# Lesson S2 - Mean Areal Calculation

## Overview

Often times, the mean areal quantities are desired to get a better sense of overall impact of an event in an area. Here we have compiled a set of functions and scripts which help you to calculate the Mean Areal values from any gridded data (the focus here is precipitation, but could be also used for snow or other components of the model). Here we provide two ways to calculate the mean areal precipitation. The first method is suitable for the small areas and few basins, the second is how we calculate the mean areal precipitaiton at the CONUS level which is much faster than the first method. 

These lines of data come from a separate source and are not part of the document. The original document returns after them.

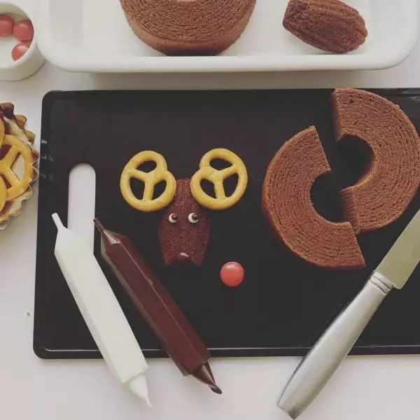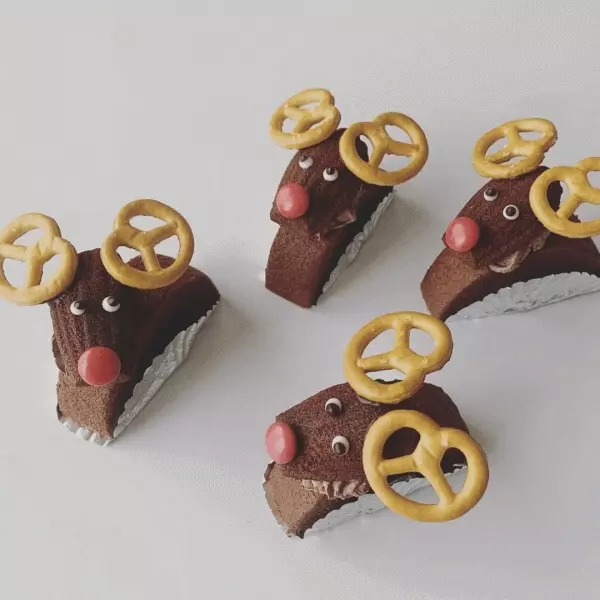 バウムクーヘンを体に、マドレーヌを顔に見立てて市販のお菓子をくっつけたら、ミニサイズの可愛らしいトナカイバウムの完成! 顔だけではなく、体までつくるとトナカイらしくなって、プチスイーツとしてもぴったりなボリュームに。たくさんつくって並べたい!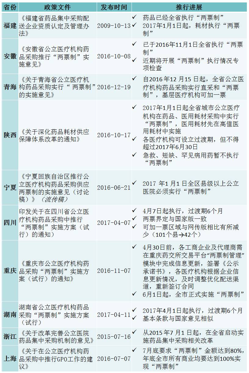 “衛(wèi)計(jì)委專題工作座談會(huì)”再提“兩票制”時(shí)間表,也是衛(wèi)生線對(duì)醫(yī)改重點(diǎn)工作的督辦。從11個(gè)醫(yī)改試點(diǎn)省份的“兩票制”推進(jìn)情況看,截至4月27日,已有福建、安徽、陜西、重慶、青海、四川、湖南共7個(gè)省市出臺(tái)正式實(shí)施方案,寧夏仍停留于網(wǎng)傳版內(nèi)部討論稿階段,江浙滬雖未發(fā)布“兩票制”正式文件,但均未停止醫(yī)藥流通領(lǐng)域相關(guān)改革。據(jù)了解,上海已有多家醫(yī)院開(kāi)始對(duì)自身“兩票”與“非兩票”品種進(jìn)行梳理、篩選,以承接“兩票制”政策。此外,非醫(yī)改試點(diǎn)省遼寧、甘肅、海南也正式發(fā)布了“兩票制”方案。
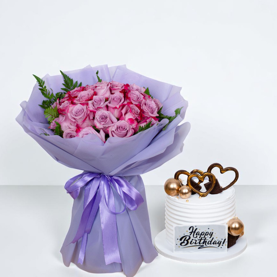 A graceful bouquet of pink roses wrapped in soft lavender, paired with a celebratory cake. Blush Bloom is perfect for birthdays, sweet surprises, and moments that call for tenderness and charm.

## First method for mean areal calculation (using a spatial mask)
The procudure for caluclating the mean areal precipitation using this method is as follows:

1. Trace out the routelink file and find all the NHD catchments that are draining to the outlet/gage location
2. Next, read the spatial weight file and create a mask 
3. Read the precipitaion 2D field (or any other), use the mask and calculate the mean area field

Let's read the Route_Link.nc file and find out the linkId of the location we are interested in

In [None]:
rtlinkFile <- "~/nwm-training/example_case/NWM/DOMAIN/Route_Link.nc"
rl <- rwrfhydro::ReadRouteLink(rtlinkFile)  
linkId <- subset(rl$link, rl$site_no == "01447720")    
print(linkId)

The outlet gage for our case study is located on the NHD reach with the ComId of 4185779. Now that we have the comId of the gage location, we will trace up and find all the reaches that drain to this link. Here, we provided a simple function `traceUp` that will find all the uplinks that drain to the ComId of 4185779. Note this process will be slower for larger domains. 

In [None]:
# Function to Trace upstream in route link                                                                      
traceUp <- function(linkid, rl) {                                                                   
    uplinks <- c(linkid)                                                                            
    donelinks <- c()                                                                                
    while (length(uplinks) > 0) {                                                                   
        i <- uplinks[1]                                                                             
        donelinks <- c(donelinks, i)                                                                
        newlinks <- subset(rl$link, rl$to==i)                                                       
        uplinks <- c(uplinks, newlinks)                                                             
        uplinks <- unique(subset(uplinks, !(uplinks %in% donelinks)))                               
    }                                                                                               
    donelinks                                                                                       
}   

# Calling Trace up function
uplinks <- traceUp(linkId, rl) 

# print the uplinks
print(uplinks)

As shown here, there are 194 reaches that are draining to the outlet location. The next step is to read in the spatial weight file and find out which pixels are contributing to the outlet location. **NOTE** we are using the spatial weight file that is been provided for this domain and it is on the fine resolution (250 m). 

In [None]:
# Read the spatial weight file
spwtFile <-  "~/nwm-training/example_case/NWM/DOMAIN/spatialweights.nc"
spwtList <- rwrfhydro::ReadWtFile(spwtFile) 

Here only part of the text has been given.